*Requirement*: Could you restate every record below word for word?

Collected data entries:
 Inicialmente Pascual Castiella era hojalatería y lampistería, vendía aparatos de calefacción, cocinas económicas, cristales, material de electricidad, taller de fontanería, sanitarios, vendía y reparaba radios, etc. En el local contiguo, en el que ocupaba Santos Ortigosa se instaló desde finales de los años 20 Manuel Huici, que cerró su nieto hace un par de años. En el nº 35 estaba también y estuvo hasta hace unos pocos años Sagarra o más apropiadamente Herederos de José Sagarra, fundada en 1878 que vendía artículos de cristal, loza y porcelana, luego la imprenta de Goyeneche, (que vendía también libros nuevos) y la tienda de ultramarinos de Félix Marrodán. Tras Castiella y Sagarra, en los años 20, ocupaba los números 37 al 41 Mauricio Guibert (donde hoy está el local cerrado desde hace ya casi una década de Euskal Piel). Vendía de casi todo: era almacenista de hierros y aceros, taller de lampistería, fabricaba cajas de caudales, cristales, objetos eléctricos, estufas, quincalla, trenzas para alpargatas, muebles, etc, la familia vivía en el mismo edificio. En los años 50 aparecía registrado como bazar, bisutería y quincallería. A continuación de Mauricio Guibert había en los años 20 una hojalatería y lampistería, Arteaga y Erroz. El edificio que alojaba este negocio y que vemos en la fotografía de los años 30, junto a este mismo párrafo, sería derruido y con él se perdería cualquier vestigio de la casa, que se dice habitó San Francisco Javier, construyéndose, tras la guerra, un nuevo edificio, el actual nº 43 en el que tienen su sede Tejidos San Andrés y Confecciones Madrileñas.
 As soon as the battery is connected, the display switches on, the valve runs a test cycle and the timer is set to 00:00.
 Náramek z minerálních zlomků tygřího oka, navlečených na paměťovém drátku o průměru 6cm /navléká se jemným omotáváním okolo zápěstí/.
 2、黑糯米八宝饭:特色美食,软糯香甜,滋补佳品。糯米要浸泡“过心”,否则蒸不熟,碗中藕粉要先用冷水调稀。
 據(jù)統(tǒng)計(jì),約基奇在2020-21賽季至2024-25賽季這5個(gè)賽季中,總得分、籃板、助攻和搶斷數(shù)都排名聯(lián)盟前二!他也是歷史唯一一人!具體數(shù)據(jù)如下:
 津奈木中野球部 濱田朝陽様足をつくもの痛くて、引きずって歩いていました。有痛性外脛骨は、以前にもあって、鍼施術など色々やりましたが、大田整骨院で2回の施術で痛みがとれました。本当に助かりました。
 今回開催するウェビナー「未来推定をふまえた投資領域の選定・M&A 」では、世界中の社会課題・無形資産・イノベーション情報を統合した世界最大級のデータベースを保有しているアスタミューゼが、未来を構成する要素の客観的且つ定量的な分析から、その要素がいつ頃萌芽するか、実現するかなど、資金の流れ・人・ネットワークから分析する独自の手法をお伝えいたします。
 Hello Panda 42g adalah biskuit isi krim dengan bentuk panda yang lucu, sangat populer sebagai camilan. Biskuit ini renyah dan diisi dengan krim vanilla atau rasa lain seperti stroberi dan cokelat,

*Answer to the exercise*:
 Inicialmente Pascual Castiella era hojalatería y lampistería, vendía aparatos de calefacción, cocinas económicas, cristales, material de electricidad, taller de fontanería, sanitarios, vendía y reparaba radios, etc. En el local contiguo, en el que ocupaba Santos Ortigosa se instaló desde finales de los años 20 Manuel Huici, que cerró su nieto hace un par de años. En el nº 35 estaba también y estuvo hasta hace unos pocos años Sagarra o más apropiadamente Herederos de José Sagarra, fundada en 1878 que vendía artículos de cristal, loza y porcelana, luego la imprenta de Goyeneche, (que vendía también libros nuevos) y la tienda de ultramarinos de Félix Marrodán. Tras Castiella y Sagarra, en los años 20, ocupaba los números 37 al 41 Mauricio Guibert (donde hoy está el local cerrado desde hace ya casi una década de Euskal Piel). Vendía de casi todo: era almacenista de hierros y aceros, taller de lampistería, fabricaba cajas de caudales, cristales, objetos eléctricos, estufas, quincalla, trenzas para alpargatas, muebles, etc, la familia vivía en el mismo edificio. En los años 50 aparecía registrado como bazar, bisutería y quincallería. A continuación de Mauricio Guibert había en los años 20 una hojalatería y lampistería, Arteaga y Erroz. El edificio que alojaba este negocio y que vemos en la fotografía de los años 30, junto a este mismo párrafo, sería derruido y con él se perdería cualquier vestigio de la casa, que se dice habitó San Francisco Javier, construyéndose, tras la guerra, un nuevo edificio, el actual nº 43 en el que tienen su sede Tejidos San Andrés y Confecciones Madrileñas.
 As soon as the battery is connected, the display switches on, the valve runs a test cycle and the timer is set to 00:00.
 Náramek z minerálních zlomků tygřího oka, navlečených na paměťovém drátku o průměru 6cm /navléká se jemným omotáváním okolo zápěstí/.
 2、黑糯米八宝饭:特色美食,软糯香甜,滋补佳品。糯米要浸泡“过心”,否则蒸不熟,碗中藕粉要先用冷水调稀。
 據(jù)統(tǒng)計(jì),約基奇在2020-21賽季至2024-25賽季這5個(gè)賽季中,總得分、籃板、助攻和搶斷數(shù)都排名聯(lián)盟前二!他也是歷史唯一一人!具體數(shù)據(jù)如下:
 津奈木中野球部 濱田朝陽様足をつくもの痛くて、引きずって歩いていました。有痛性外脛骨は、以前にもあって、鍼施術など色々やりましたが、大田整骨院で2回の施術で痛みがとれました。本当に助かりました。
 今回開催するウェビナー「未来推定をふまえた投資領域の選定・M&A 」では、世界中の社会課題・無形資産・イノベーション情報を統合した世界最大級のデータベースを保有しているアスタミューゼが、未来を構成する要素の客観的且つ定量的な分析から、その要素がいつ頃萌芽するか、実現するかなど、資金の流れ・人・ネットワークから分析する独自の手法をお伝えいたします。
 Hello Panda 42g adalah biskuit isi krim dengan bentuk panda yang lucu, sangat populer sebagai camilan. Biskuit ini renyah dan diisi dengan krim vanilla atau rasa lain seperti stroberi dan cokelat,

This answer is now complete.